Preghiera: momento necessario della vita cristiana
“Essere cristiano e pregare sono la stessa
cosa”.
Queste parole sono state pronunciate da uno dei
più grandi teologi moderni, Karl Barth. E la ragione
è molto semplice: il cristiano non si fa senza la
preghiera, perché il cristiano non sta in piedi senza la
preghiera: la preghiera è la forza che lo tiene su,
è la forza di Cristo, che lo fa essere di Cristo.
La preghiera cristiana ha un solo fondamento, una sola ragione:
la certezza di parlare a Qualcuno che ci cerca, ci ama, ci
“fa la corte”, ci ascolta: il Dio di Gesù
Cristo.
Ma non occorre mai dimenticare che parlare della preghiera
cristiana è anzitutto parlare del cristiano, della vita
cristiana, perché la preghiera è solo un momento,
anche se un momento necessario della vita cristiana.
E’ un momento perché il culto che vuole Dio è
la nostra vita, il nostro cuore. Ce lo insegna chiaramente
S.Paolo: “Vi esorto dunque fratelli, per la misericordia di
Dio, ad offrire i vostri corpi come sacrificio vivente, santo e
gradito a Dio: questo è il vostro culto spirituale”.

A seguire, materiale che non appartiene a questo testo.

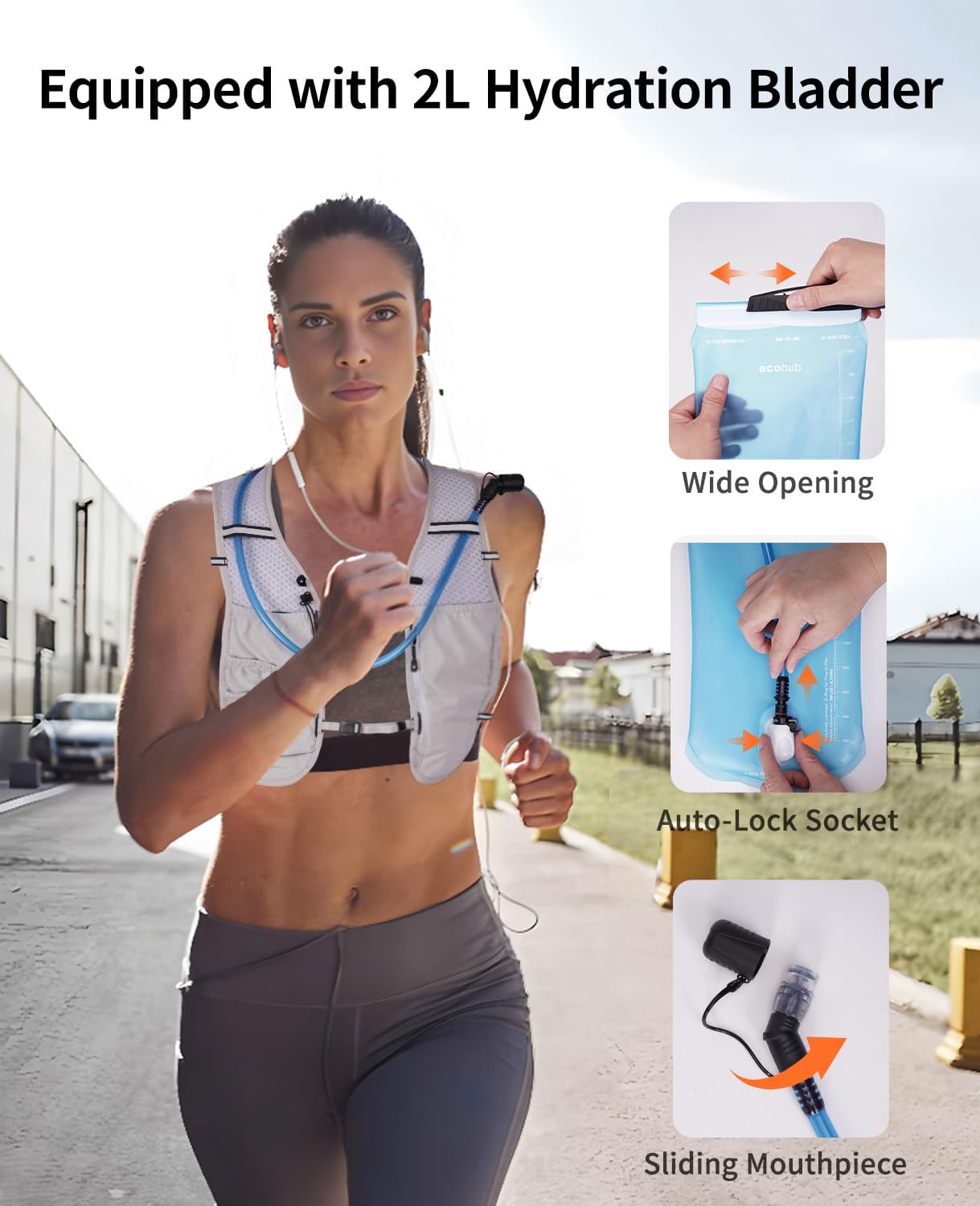 ECOHUB Running Hydration Vest Backpack,Lightweight Breathable Pack with 2L Water Bladder Bag Daypack for Hiking Trail Running Cycling Race Marathon for Women Men

(Rm 12,1). Proprio per questo per un cristiano non si può
dare opposizione fra culto e vita.
Spesso ci lamentiamo che Dio è assente nei pochi minuti
che ogni giorno gli riserviamo quando preghiamo ma, che ne
è delle altre ventitre ore e mezzo durante le quali Dio
bussa alla nostra porta e noi gli rispondiamo: non posso, sono
occupato, mi spiace? (A. Bloom)
E’ un momento necessario: per dire questa necessità
qualcuno ha felicemente detto che la preghiera è il
respiro dell’anima, è il termometro della fede di un
cristiano: il grado della nostra preghiera è il grado
della nostra fede, la forza della nostra preghiera è la
forza della nostra speranza, il calore della nostra preghiera
è il calore della nostra carità.
San Francesco di Sales era solito dire, in modo paradossale ma
indicativo e pungente:
“Bisogna pregare almeno
mezz’ora al giorno, tranne quando si è molto
impegnati: allora bisogna pregare un’ora”
…
Sentite poi cosa rispondeva Federico Ozanam, il fondatore
della San Vincenzo, a chi gli chiedeva: “Perché ogni
mattina perdi tempo a Messa?” “Perché
altrimenti perderei la giornata!”
A chi ci ama e si ama si dà tempo: così deve essere
con Dio.
La preghiera, quando la religione è un amore, non è
più un “dovere”, ma un’esigenza che
chiede tempo, fedeltà, fantasia, stupore, riti …
come l’amore …
E allora non diciamo: “mi manca tempo”, diciamo
piuttosto: “mi manca l’amore” …
Può darsi che qualche volta ci capiti di non avere
“voglia” di pregare: in questi momenti Dio ci chiede
soltanto di lasciarci amare, di rimanere ugualmente fedeli, in
silenzio, davanti all’Eucarestia o davanti a un Crocefisso
certi che … certi fiori possono nascere anche nella
spaccatura delle rocce o nell’aridità del deserto
…
Anche quando la speranza sembra sparire la preghiera è
indispensabile.
Ecco quello che ci dice Gandhi:
“La preghiera mi ha salvato
la vita. Senza di essa sarei pazzo da molto tempo. Ho avuto la
mia porzione delle più amare esperienze pubbliche e
private, che mi gettarono in una temporanea disperazione. Se
riuscii a liberarmi da questa disperazione fu grazie alla
preghiera”.
Entrare nella preghiera da poveri
Bisogna entrare nella preghiera da “poveri”,
cioè da persone che si riconoscono incapaci di pregare.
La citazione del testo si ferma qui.